The Threat Of Climate Change Is Real, Regardless Of Opinion

After going through the entire campaign season, including three debates, without addressing climate change, President Obama delivered the following message during his second inaugural speech:

We, the people, still believe that our obligations as Americans are not just to ourselves, but to all posterity. We will respond to the threat of climate change, knowing that the failure to do so would betray our children and future generations. Some may still deny the overwhelming judgment of science, but none can avoid the devastating impact of raging fires, and crippling drought, and more powerful storms. The path towards sustainable energy sources will be long and sometimes difficult. But America cannot resist this transition; we must lead it. We cannot cede to other nations the technology that will power new jobs and new industries – we must claim its promise. That is how we will maintain our economic vitality and our national treasure – our forests and waterways; our croplands and snowcapped peaks. That is how we will preserve our planet, commanded to our care by God. That’s what will lend meaning to the creed our fathers once declared.

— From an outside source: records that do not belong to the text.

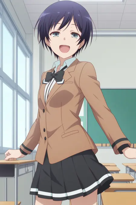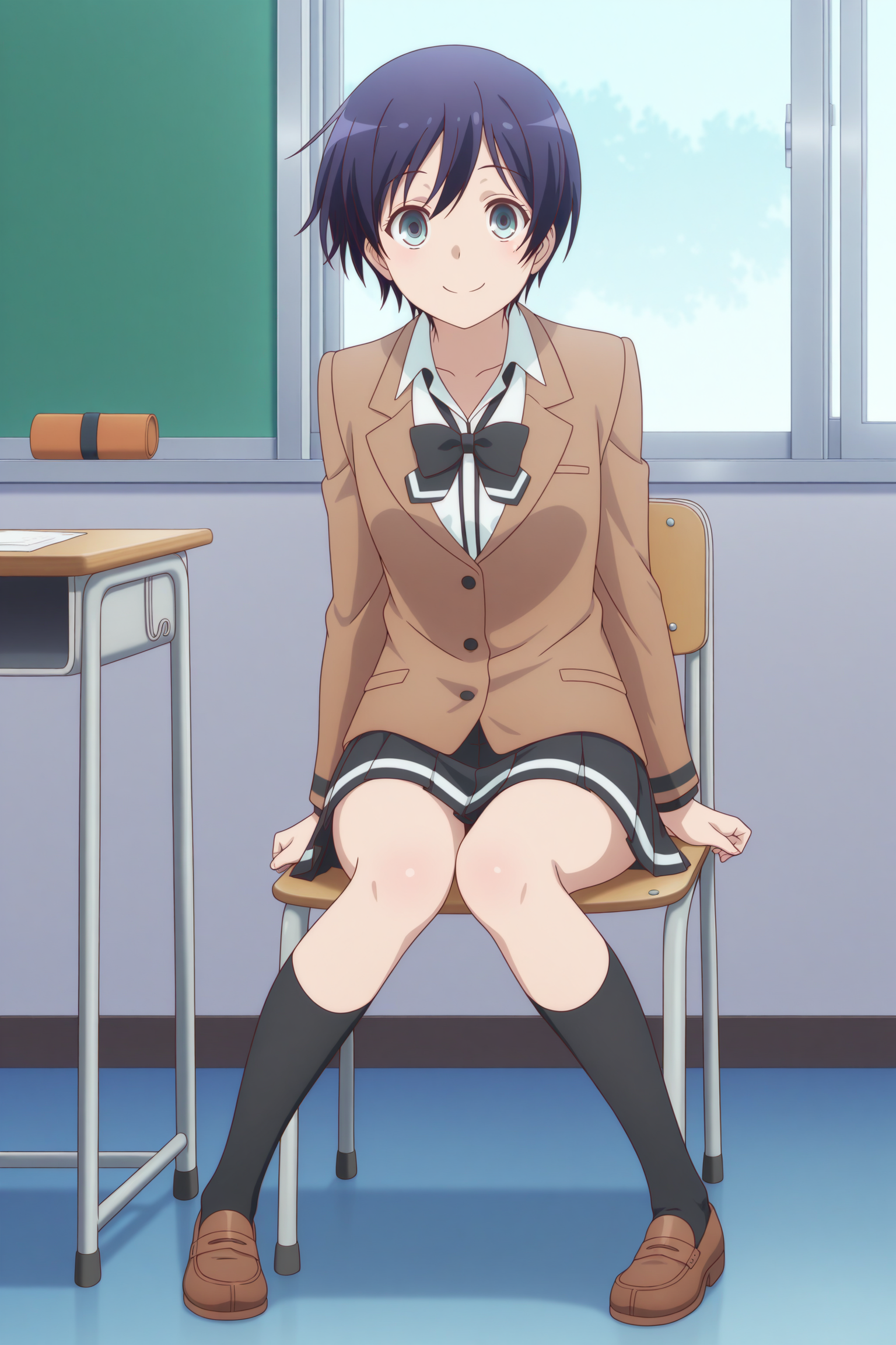 oosawa yuu, short hair, blue hair, partes bangs, aqua eyes, long sleeves, brown jacket, white shirt, collared shirt, black bowtie, loose bowtie, black skirt, striped skirt, pleated skirt, black socks, kneehighs, brown shoes, loafers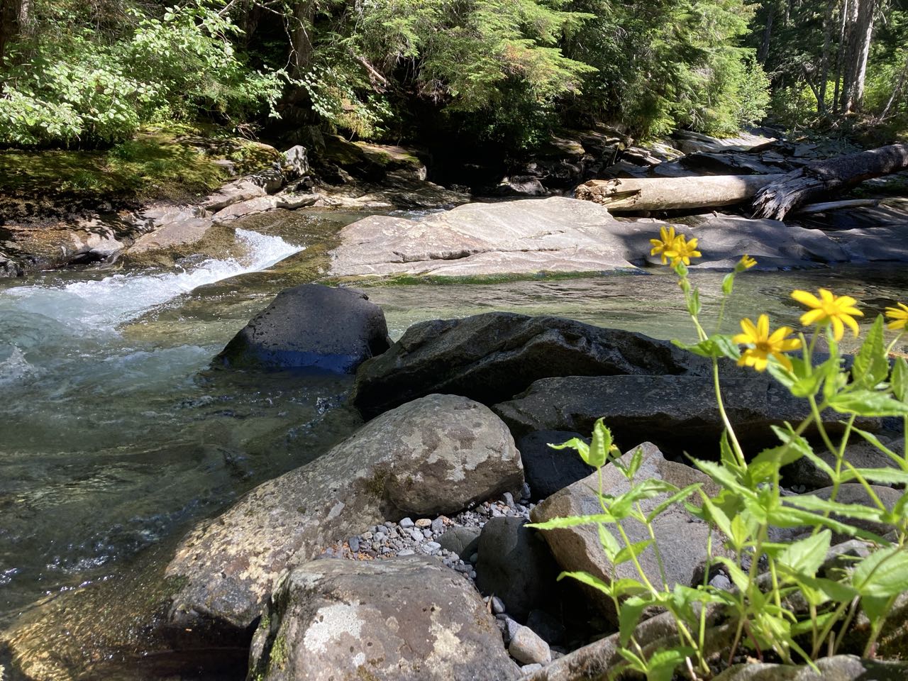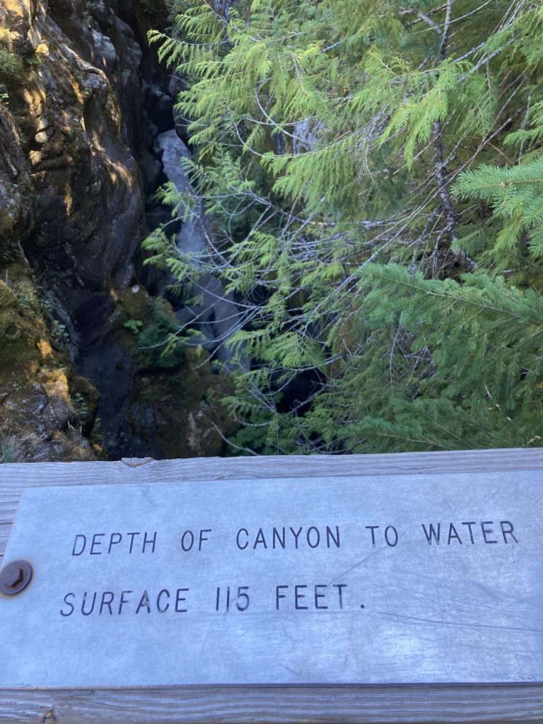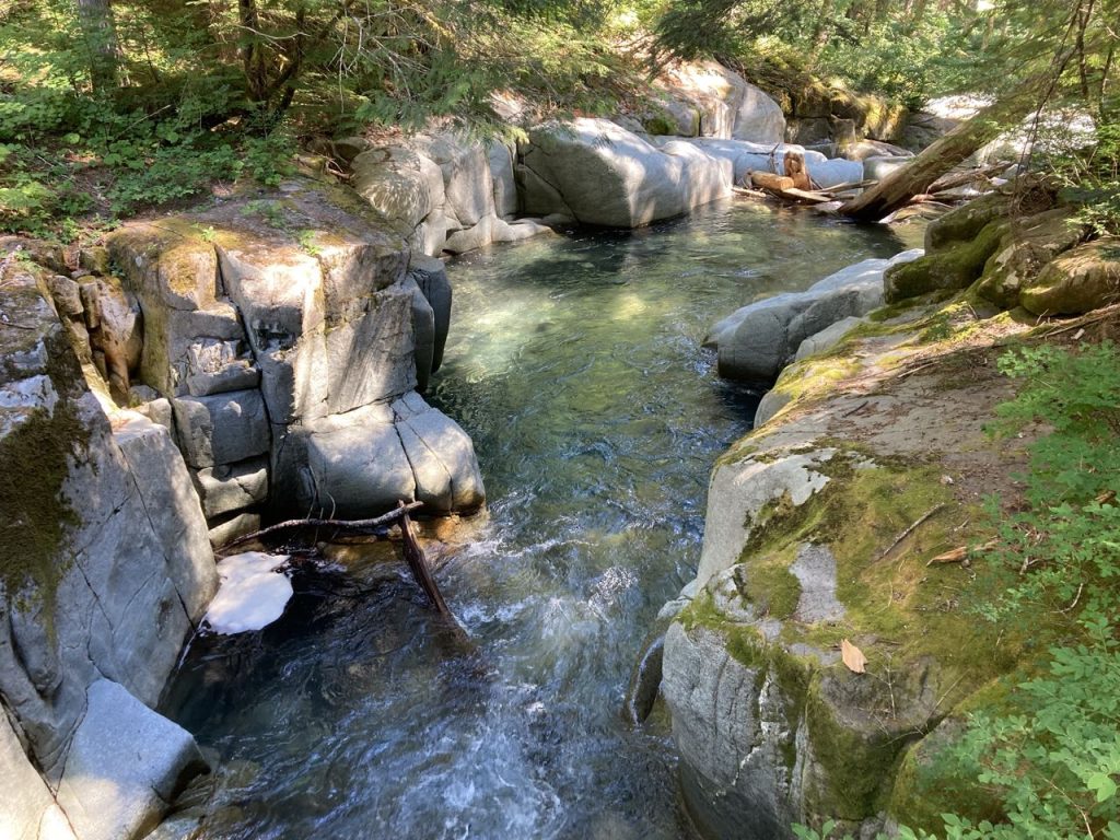 The good: waterfalls with narrow steep sides, reflection lake, Box Canyon, Sylvia Falls, Martha Falls. There was a bathroom with flush toilets and a sink!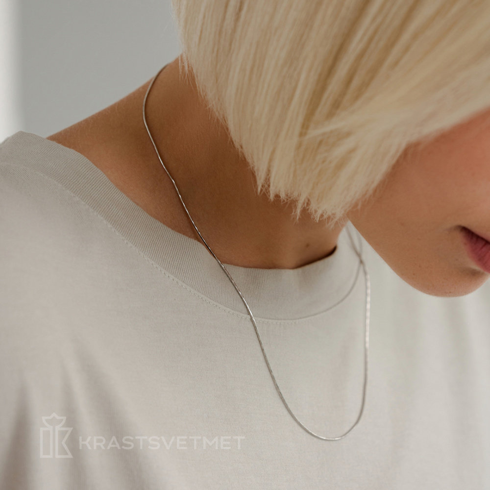 Эффектная полновесная цепь из белого золота 585 пробы выполнена уникальным плетением «снейк» с искрящейся алмазной гранью. Гладкая поверхность цепи переливается светом, придавая образу неповторимый шарм и утонченность. Отличный выбор для любителей сдержанной роскоши и классического стиля. Красиво выглядит как на мужчинах, так и на женщинах. Диаметр проволки 0,25 мм. Представлено брендом КРАСЦВЕТМЕТ.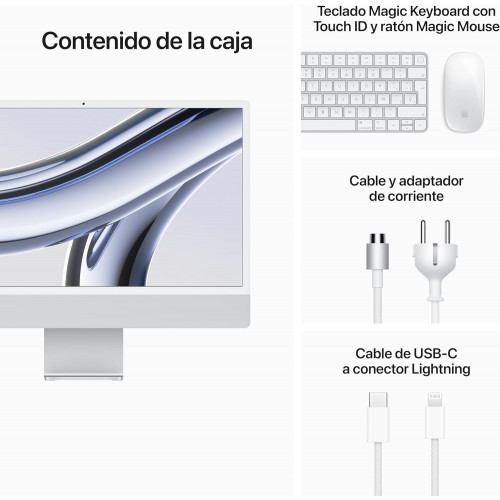 | Componentes incluidos | Cable de USB‑C a conector Lightning, Magic Mouse, iMac, Magic Keyboard, Cable y adaptador de corriente |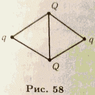 Четыре положительных заряда связаны пятью нитями (см. рис. 58). Длина каждой нити l. Определить силу натяжения нити, связывающей заряды Q между собой (Q > q).

We reveal our flaws as human beings with the lack of political will to address climate change. That we have known of climate change (global warming) in the mainstream now for over two decades, but offer precious little legislative action, is a testament to how much we live in the moment as a species. While people pay lip service when it comes to making a better future for our children and grandchildren, rarely do we see critical action needed to make that happen, at least on a global scale. The problem is we forever see today as the most important time and tomorrow as a vague but hopefully improved version of today. Even people who are pessimistic about current economic or social prospects still cling to hope for a better tomorrow. That means people are more likely to put a greater effort into working to solve problems seen and felt in the moment, and not problems we, our children, and our grandchildren will face in some possible future.

But regardless of your opinion on climate change, the consensus of the people who have dedicated their lives to studying the climate is that climate change is real and we are the cause. Is it possible they are wrong? Sure, I’ll concede that. Any intelligent and thoughtful person must always allow for the possibility that we, or the experts we rely on, are wrong.

But we never advance as a species and as a society by ceding expertise to uninformed conjecture.

I’ve got a secret to share, I was once a climate change skeptic. While I didn’t take my skepticism to the level of denialism like so many on the Right of the political spectrum, I did have serious doubts that human beings could affect global climate. This was back in the late 1990s. Around 2000 or so I began to open my mind and read about climate change and realize that I had no particular reason to elevate my own uninformed opinion above scientists who have advanced degrees and study the climate every day. I realized that I was full of shit when it came to my climate change skepticism. I was deluding myself. — If you believe climate change isn’t real based on opinion alone, you’re full of shit as well.

So when it comes to the issue of climate change, I ask one thing of every person who reads this article — open your mind. Do you know climate change isn’t real based on science, peer review, and mountains of evidence? Is climate science your area of expertise? If you answer no to those questions, then as yourself the following question — What is informing your skepticism?